● **Brief**
Output, exactly as written, the lines below starting at the line containing "7.3.1 Buy Houghton" and ending at the line containing "In this Spider-Man". Drop the pictures and keep both end lines.

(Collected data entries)
┏━━
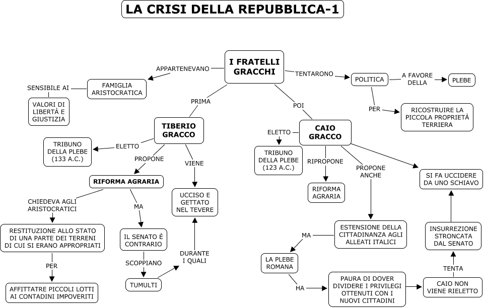 Questa Cmap, creata con IHMC CmapTools, contiene informazioni relative a: la crisi della repubblica, ESTENSIONE DELLA CITTADINANZA AGLI ALLEATI ITALICI MA LA PLEBE ROMANA, CAIO GRACCO RIPROPONE RIFORMA AGRARIA, INSURREZIONE STRONCATA DAL SENATO ???? SI FA UCCIDERE DA UNO SCHIAVO, POLITICA A FAVORE DELLA PLEBE, I FRATELLI GRACCHI POI CAIO GRACCO, FAMIGLIA ARISTOCRATICA SENSIBILE AI VALORI DI LIBERTÀ E GIUSTIZIA, PAURA DI DOVER DIVIDERE I PRIVILEGI OTTENUTI CON I NUOVI CITTADINI ???? CAIO NON VIENE RIELETTO, POLITICA PER RICOSTRUIRE LA PICCOLA PROPRIETÀ TERRIERA, CAIO GRACCO ELETTO TRIBUNO DELLA PLEBE (123 A.C.), IL SENATO È CONTRARIO SCOPPIANO TUMULTI, LA PLEBE ROMANA HA PAURA DI DOVER DIVIDERE I PRIVILEGI OTTENUTI CON I NUOVI CITTADINI, CAIO GRACCO ???? SI FA UCCIDERE DA UNO SCHIAVO, RIFORMA AGRARIA CHIEDEVA AGLI ARISTOCRATICI RESTITUZIONE ALLO STATO DI UNA PARTE DEI TERRENI DI CUI SI ERANO APPROPRIATI, TIBERIO GRACCO PROPONE RIFORMA AGRARIA, TIBERIO GRACCO VIENE UCCISO E GETTATO NEL TEVERE, RIFORMA AGRARIA MA IL SENATO È CONTRARIO, TIBERIO GRACCO ELETTO TRIBUNO DELLA PLEBE (133 A.C.), I FRATELLI GRACCHI TENTARONO POLITICA, CAIO GRACCO PROPONE ANCHE ESTENSIONE DELLA CITTADINANZA AGLI ALLEATI ITALICI, CAIO NON VIENE RIELETTO TENTA INSURREZIONE STRONCATA DAL SENATO
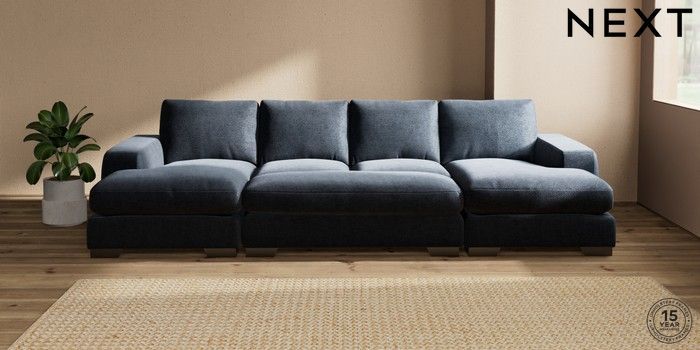 7.3.1 Buy Houghton Deep Relaxed Sit Large - U Shaped Double Chaise with Footstool Boucle Chenille Dark Slate Blue Large Square Angle - Gunmetal from the Seasons online shop Click here to use our website with more accessibility support, for example screen readers
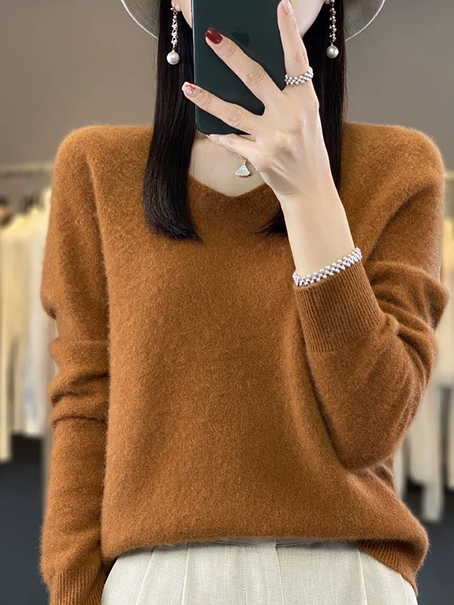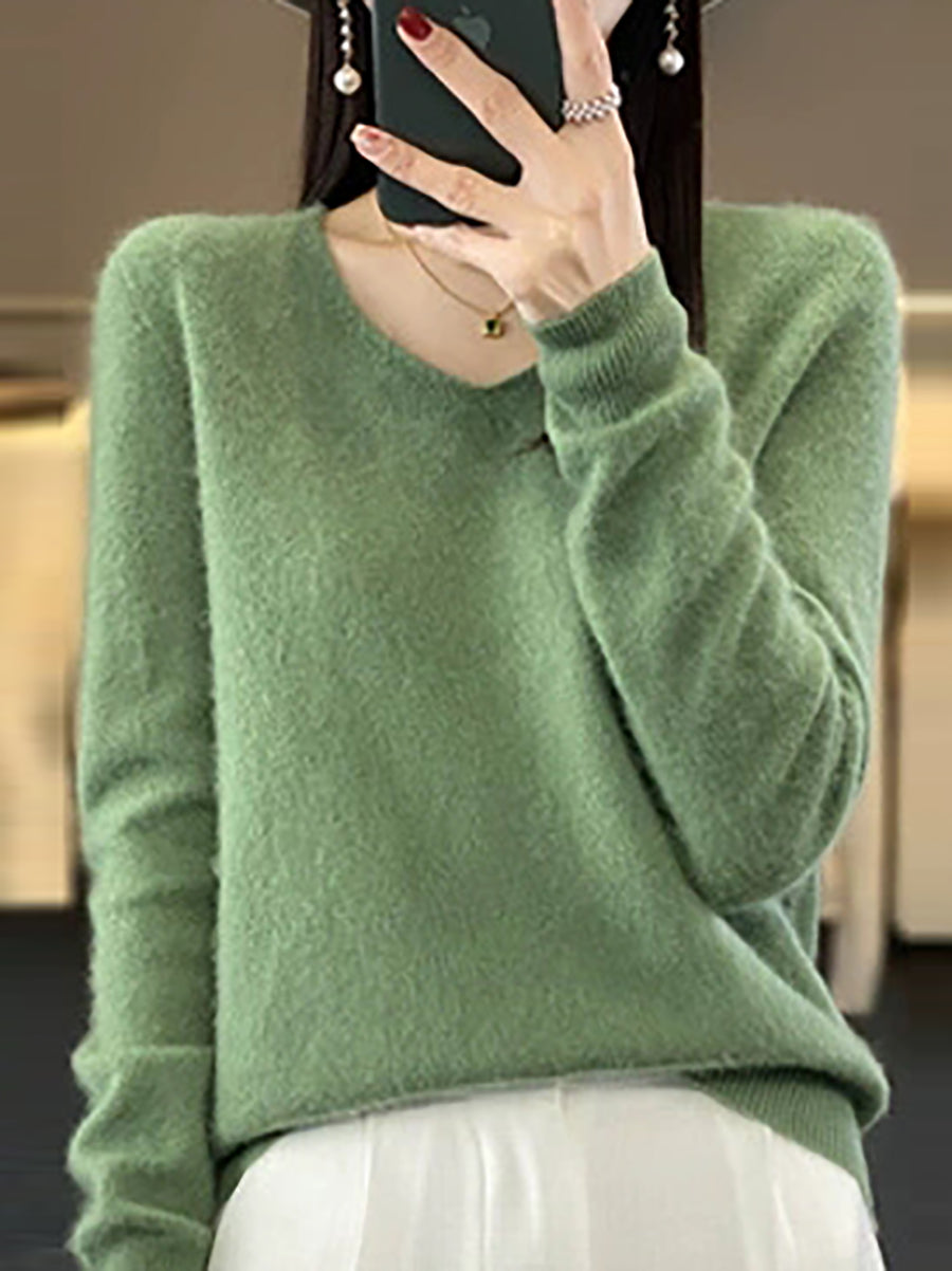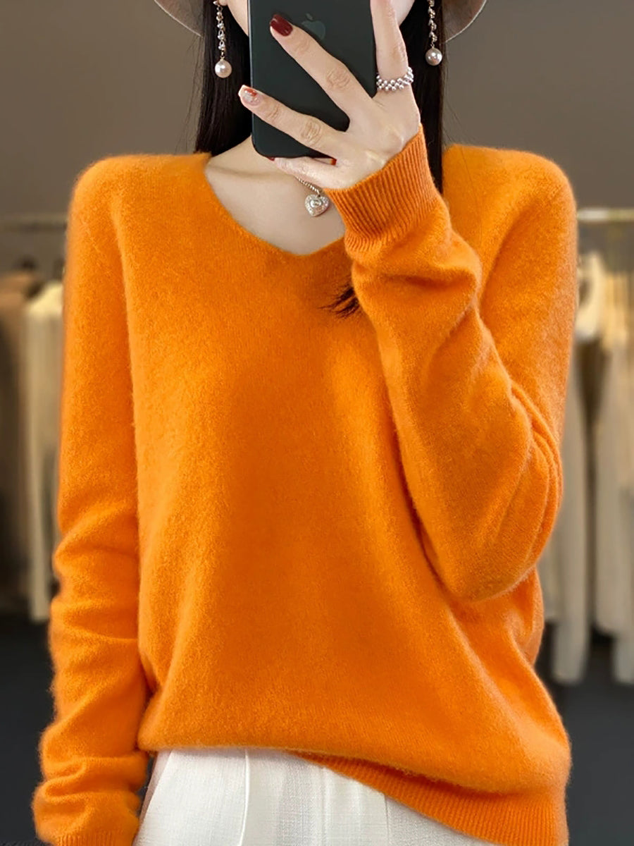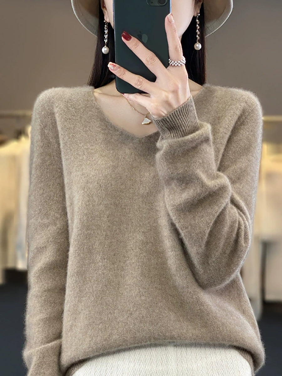 Women Autumn Artsy Pure Color V-Neck Sweater
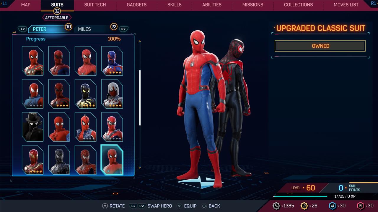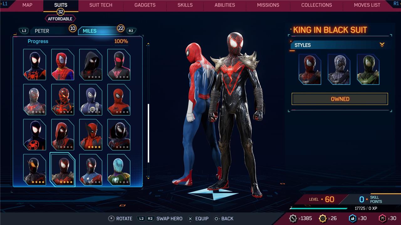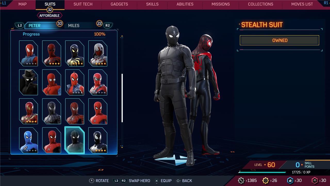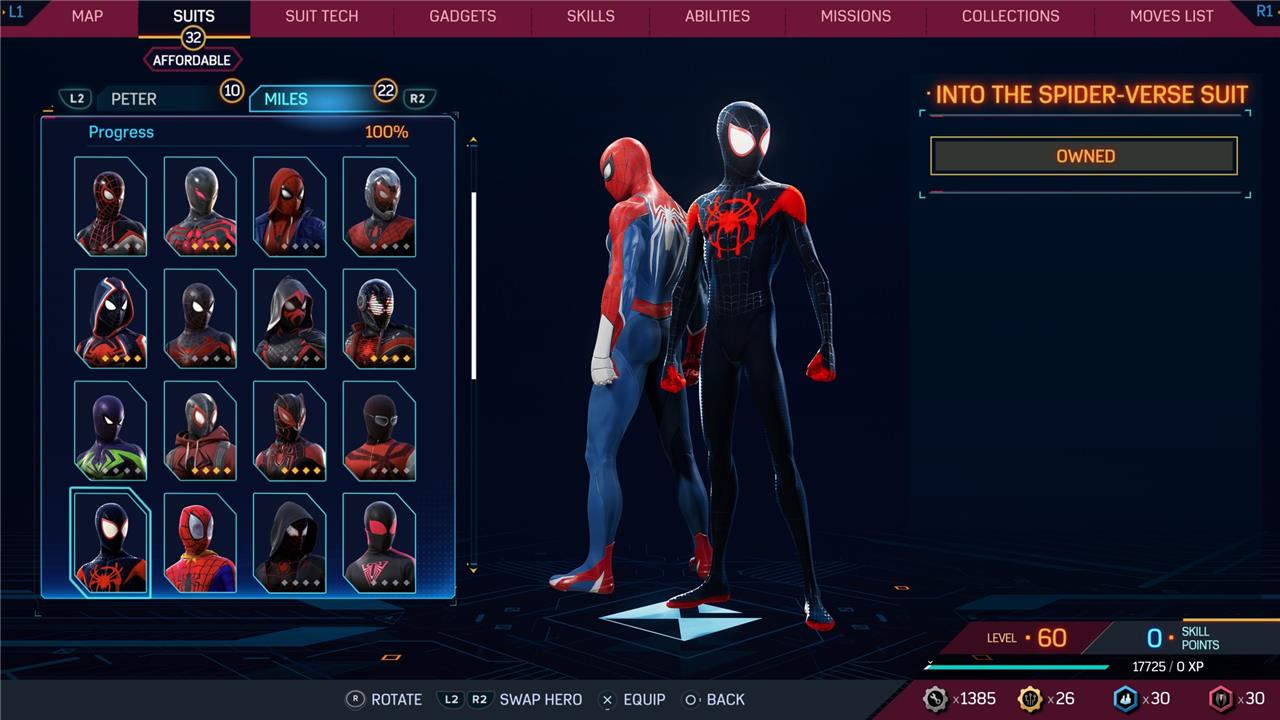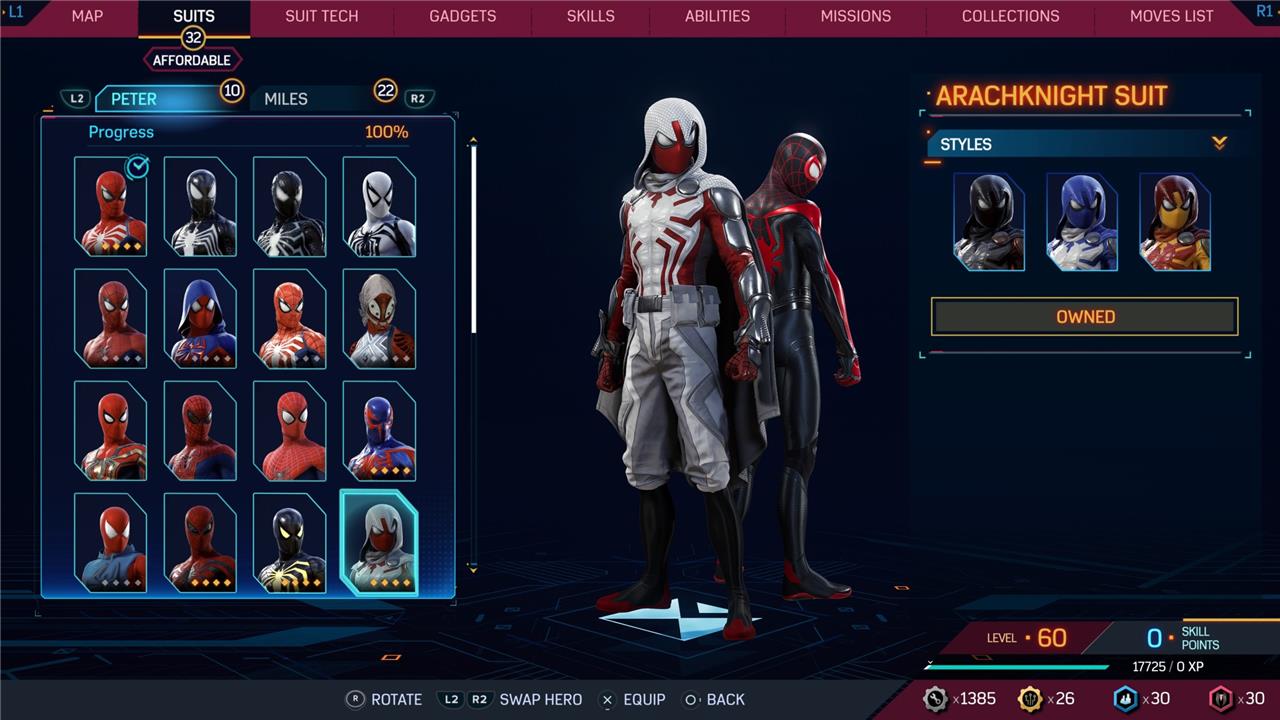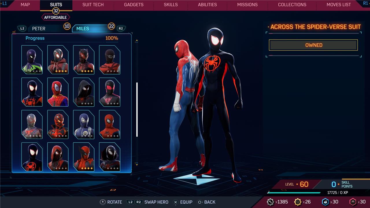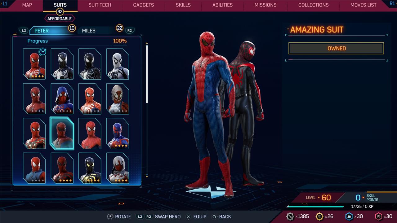 In this Spider-Man 2 guide, we’ve listed out all suits in Spider-Man 2 for Peter Parker and Miles Morales (as well as images, so you can see how cool they look before you earn them). We’ve also detailed how to unlock all of these suits, how much each suit costs, and whether or not these suits have additional styles for you to acquire.
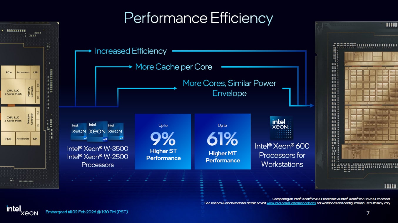 En juillet dernier, nous avions eu l’opportunité de passer en revue les Threadripper 9980X (64 cœurs) et 9970X (32 cœurs). C’est au tour d’Intel d’annoncer l’arrivée de sa gamme de Xeon 600 à destination des stations de travail, avec comme fleuron de la série, le Xeon 698X et ses 86 cœurs. Du côté des bleus, notre dernier test d’une station de travail concernait le Xeon 3495X et l’ASUS Pro W790E-Sage SE. Intel a d’ailleurs comparé les deux générations en annonçant un gain au niveau de l’efficacité énergétique et surtout pour les performances en IA.
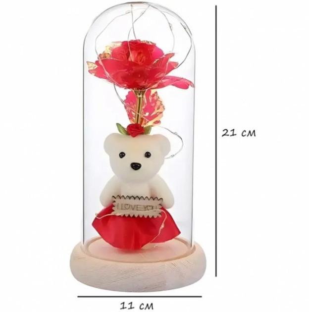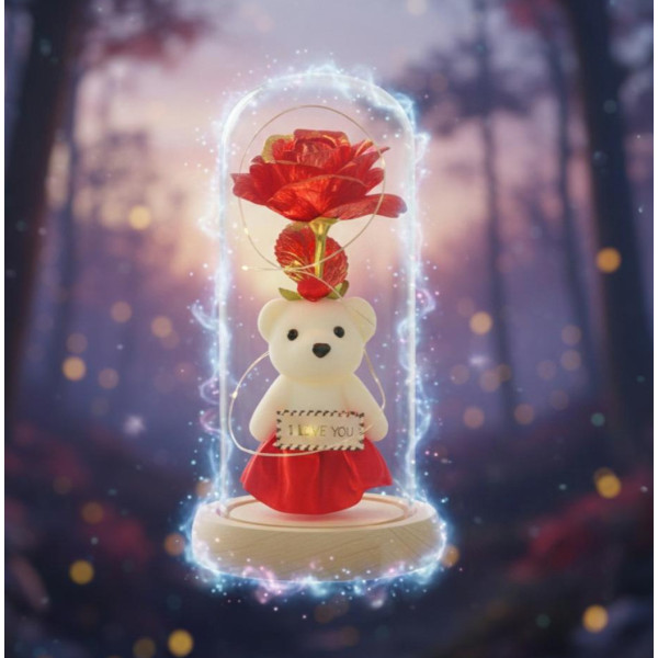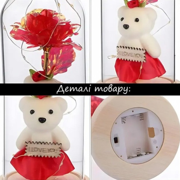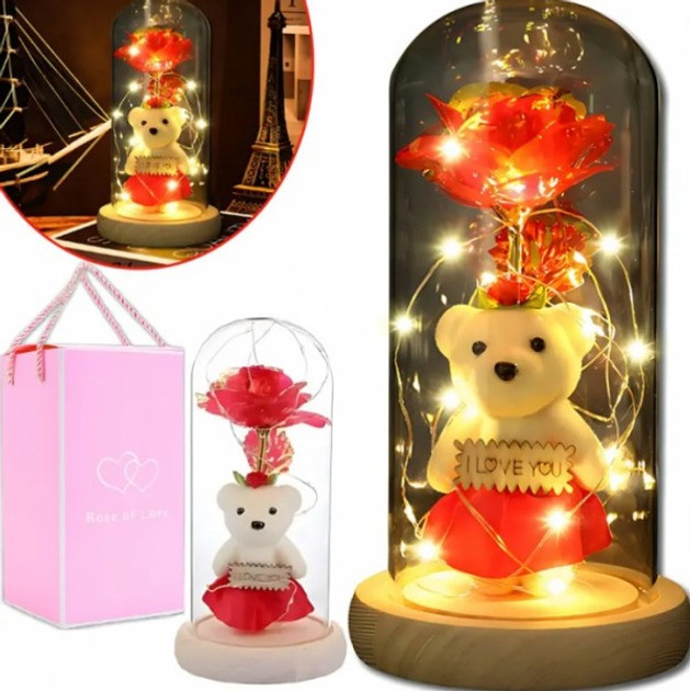 Кришталева троянда в колбі з ведмедиком і сердечком I Love You/Подарунковий сувенір із трояндою "I Love You" світильник нічник
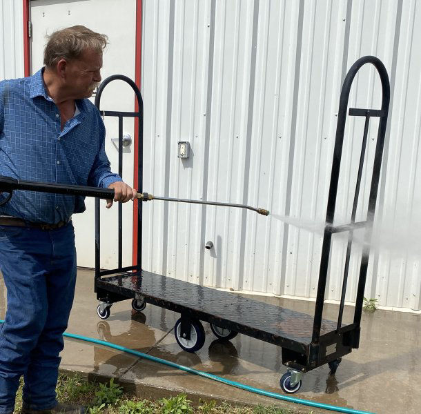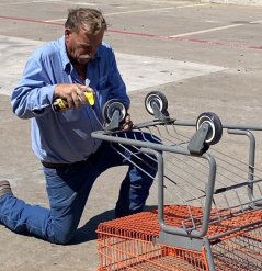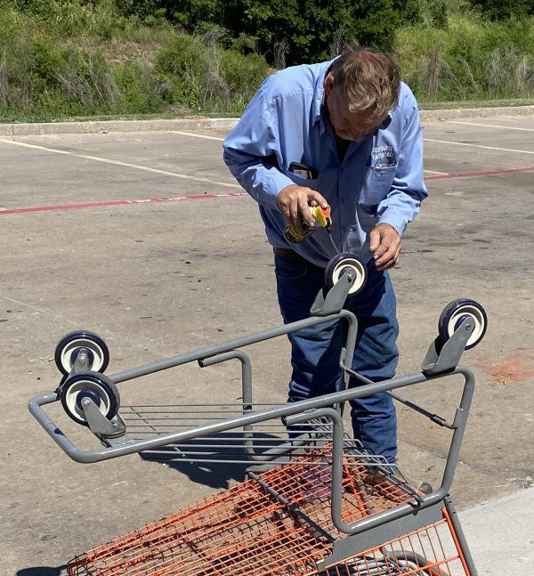 Debris removal of foreign materials from wheels, swivels and bearings; replacement or repair of faulty or broken parts in the basket, including safety seats/belts
┗━━
● **Exercise response**
 7.3.1 Buy Houghton Deep Relaxed Sit Large - U Shaped Double Chaise with Footstool Boucle Chenille Dark Slate Blue Large Square Angle - Gunmetal from the Seasons online shop Click here to use our website with more accessibility support, for example screen readers
 Women Autumn Artsy Pure Color V-Neck Sweater
 In this Spider-Man 2 guide, we’ve listed out all suits in Spider-Man 2 for Peter Parker and Miles Morales (as well as images, so you can see how cool they look before you earn them). We’ve also detailed how to unlock all of these suits, how much each suit costs, and whether or not these suits have additional styles for you to acquire.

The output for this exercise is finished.